Carter Lawrence, the Tennessee insurance commissioner, said in a comment included in the alert that getting a health plan from a company that's not licensed to sell insurance in Tennessee could have disastrous consequences for consumers. "Providers may not recognize your unlicensed plan, leaving you responsible for the full cost of care," Lawrence said.

LifeX could not immediately be reached for comment.

LifeX: LifeX says it pays the participants in its research projects $40 per hour and classifies them as employees.

The company offers employee research study participants access to health benefits through third-party administrators, according to a set of LifeX answers to frequently asked questions.

The backdrop: Tennessee is not the first state where regulators and health insurers have disagreed with LifeX about whether the company's research participants can be classified as employees and provided health coverage through TPAs.

Regulators in California, for example, moved to keep LifeX from offering access to health benefits there.

Elevance Health, the parent of Anthem Blue Cross and Blue Shield, sued LifeX in June 2025 in an effort to keep the company from issuing health insurance ID cards bearing the Anthem logo.

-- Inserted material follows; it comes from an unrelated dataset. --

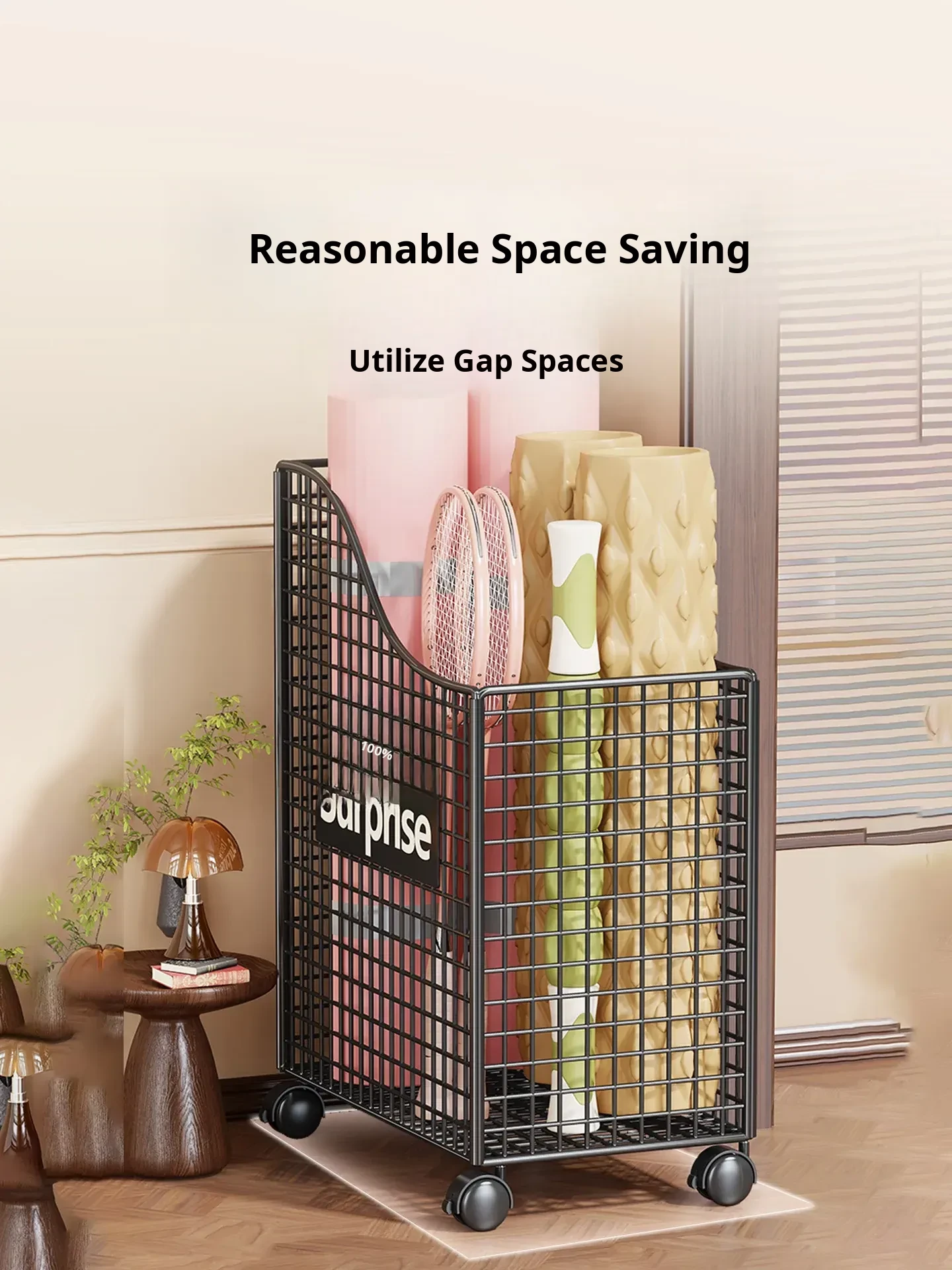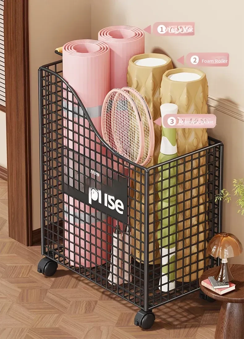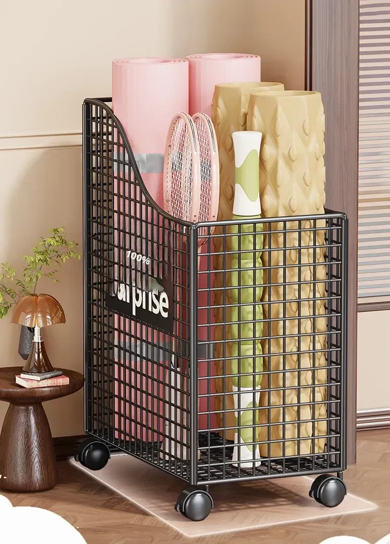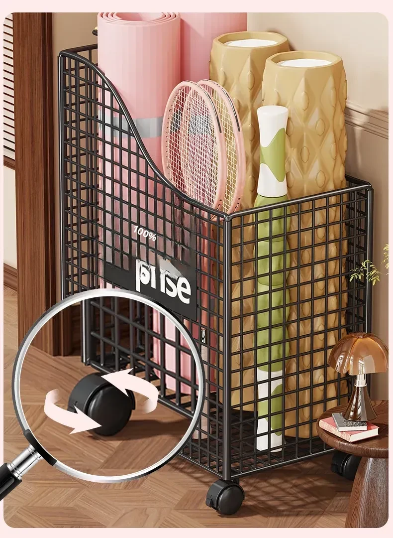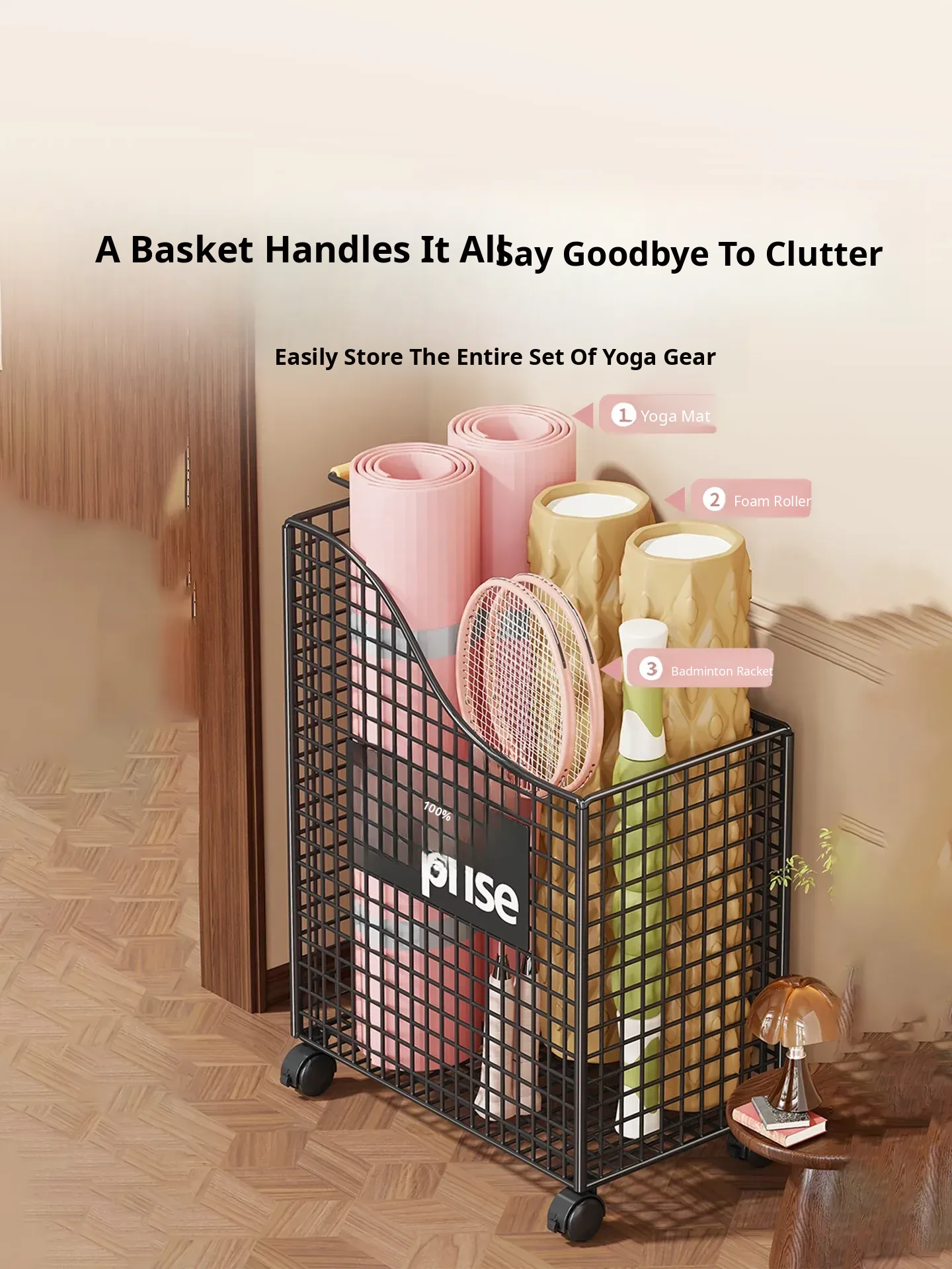 Large Capacity Yoga Mat Storage Basket with Wheels - Portable Fitness Equipment Organizer for Home Use, Ideal for Tight Spaces and Easy Access

Elevance, Anthem Insurance Companies and the Blue Cross and Blue Shield Association negotiated a settlement with LifeX that will keep LifeX from using the Anthem, Blue Cross or Blue Shield names or logos in connection with LifeX health insurance ID cards, according to a consent judgment the court in Georgia last week.

What it means: LifeX efforts could have a bearing in the future on how health insurers and regulators define terms such as "employer" and "employer health plan?